In this tutorial you will learn:
- How to add users for Hadoop Environment
- How to install and configure the Oracle JDK
- How to configure passwordless SSH
- How to install Hadoop and configure necessary related xml files
- How to start the Hadoop Cluster
- How to access NameNode and ResourceManager Web UI
Software Requirements and Conventions Used
Category | Requirements, Conventions or Software Version Used |
---|---|
System | Ubuntu 18.04 |
Software | Hadoop 2.8.5, Oracle JDK 1.8 |
Other | Privileged access to your Linux system as root or via the sudo command. |
Conventions |
# – requires given linux commands to be executed with root privileges either directly as a root user or by use of sudo command$ – requires given linux commands to be executed as a regular non-privileged user |
Other Versions of this Tutorial
Add users for Hadoop Environment
Create the new user and group using the command :
# add user
Install and configure the Oracle JDK
Download and extract the Java archive under the /opt
directory.
# cd /opt # tar -xzvf jdk-8u192-linux-x64.tar.gz
or
$ tar -xzvf jdk-8u192-linux-x64.tar.gz -C /opt
To set the JDK 1.8 Update 192 as the default JVM we will use the following commands :
# update-alternatives --install /usr/bin/java java /opt/jdk1.8.0_192/bin/java 100 # update-alternatives --install /usr/bin/javac javac /opt/jdk1.8.0_192/bin/javac 100
After installation to verify the java has been successfully configured, run the following commands :
# update-alternatives --display java # update-alternatives --display javac
Configure passwordless SSH
Install the Open SSH Server and Open SSH Client with the command :
# sudo apt-get install openssh-server openssh-client
Generate Public and Private Key Pairs with the following command. The terminal will prompt for entering the file name. Press ENTER
and proceed.
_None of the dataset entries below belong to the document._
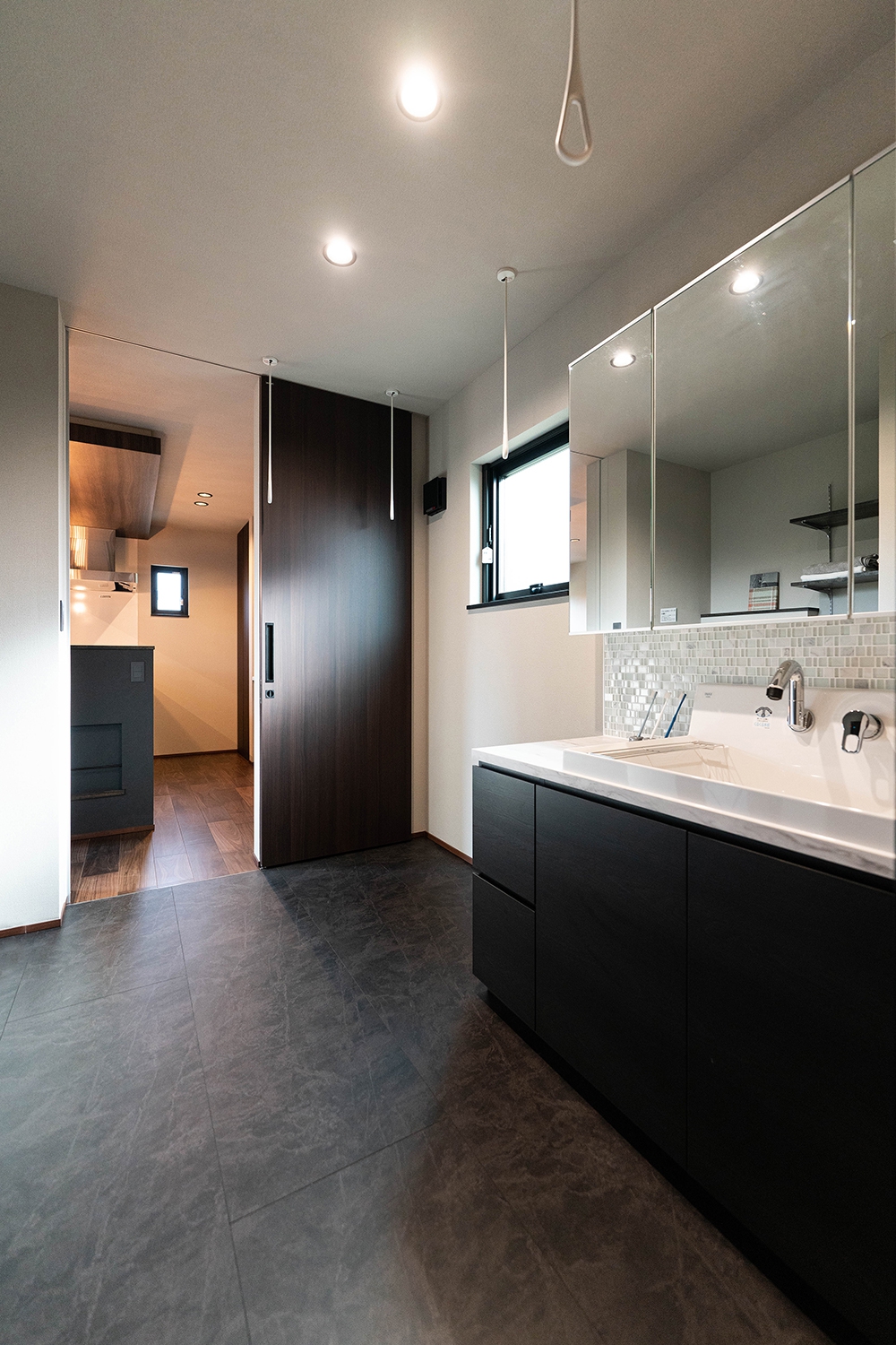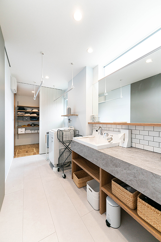 洗面・脱衣・ランドリー・浴室が一直線に並ぶ、効率重視の家事動線。スタイリッシュな洗面台と乾太くんを備えた空間で、毎日の家事がより快適に
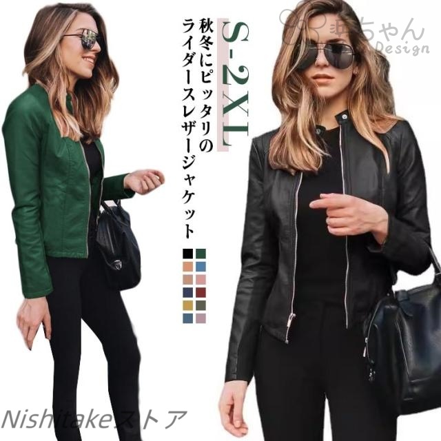 レザー ショートコート レディース ノーカラージャケット ライダースジャケット 革 アウター レディースコート 春コート 秋コート 革ジャン 皮ジャン コーデ 秋 アウター スリム 着?せ 無地 カッコイイ 長袖 大人女性 ギフト 送料無料
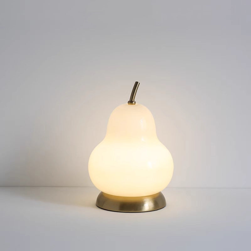 Contemporary Scandinavian Pear Glass Shade Iron USB Rechargeable LED Table Lamp For Bedroom
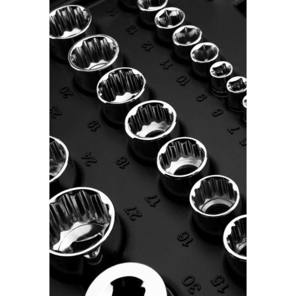 В комплекті присутні всі необхідні інструменти для виконання комплексу задач: тріскачка з 90 зубцями забезпечує плавний хід і меншу амплітуду руху; подовжувачі різної довжини (1/2" на 125 мм та 250 мм, 1/4" на 50 мм та 100 мм) значно розширюють можливості доступу до важкодоступних місць. Зручний тримач для біт дозволяє швидко та просто замінювати насадки, а карданний шарнір забезпечує гнучкість у виконанні завдань під різними кутами.
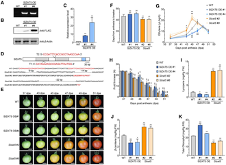 先前研究發現AdZAT5是獼猴桃果實軟化的潛在調節因子。本研究通過系統發育分析,在番茄中找到其同源基因SlZAT5,該基因含兩個保守C2H2結構域和EAR基序。RT-qPCR結果表明SlZAT5在番茄各組織均有表達,果實未成熟綠色階段表達較高、成熟時下降。SlZAT5突變體開花至破口期縮短至約43天,乙烯峰值提前、硬度下降、類胡蘿卜素積累高;SlZAT5過表達株系則延長至約47天,乙烯峰值延遲、硬度增加、類胡蘿卜素積累低,表明SlZAT5負調控番茄果實成熟。
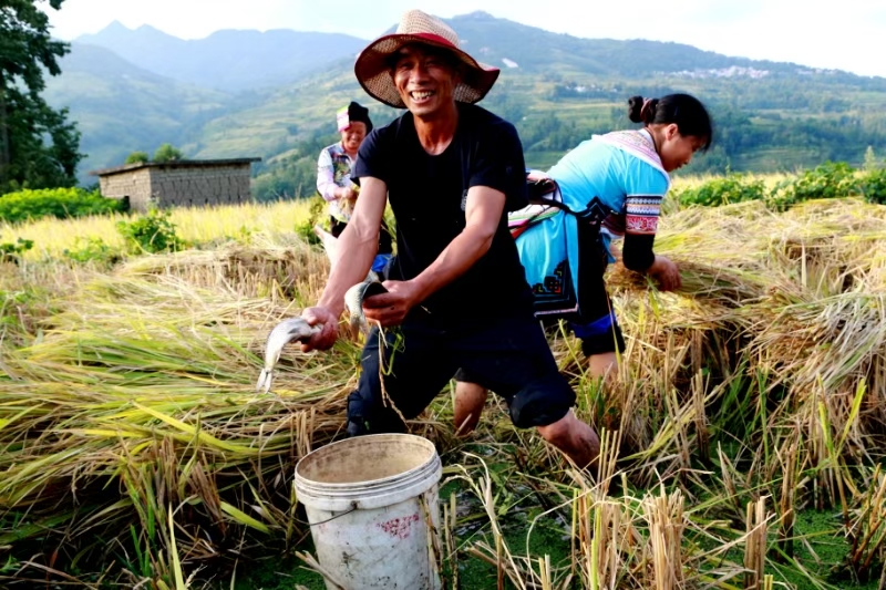 “稻鱼鸭”综合种养,解锁世界文化遗产区生态保护和群众增收共赢“新密码”。通过建立“党组织+公司+合作社+基地+农户”利益联结机制,在哈尼梯田遗产区核心地带,创新推广“稻鱼鸭”综合种养模式3.92万亩,形成“一丘田、一粒米、一条鱼、一枚蛋”完整产业链,让亩产值从不足3000元提升至8400余元,该模式荣获全国创新大赛特等奖,梯田红米被认定为“云南六大名米”之一,元阳县荣获全国粮食生产先进县、国家级稻渔综合示范区、国家级水产健康养殖和生态养殖示范区、“中国生态红米之乡”等荣誉称号。

After that copy the public keys form id_rsa.pub
to authorized_keys
.
$ ssh-keygen -t rsa $ cat ~/.ssh/id_rsa.pub >> ~/.ssh/authorized_keys
Verify the password-less ssh configuration with the command :
$ ssh localhost
Install Hadoop and configure related xml files
Download and extract Hadoop 2.8.5 from Apache official website.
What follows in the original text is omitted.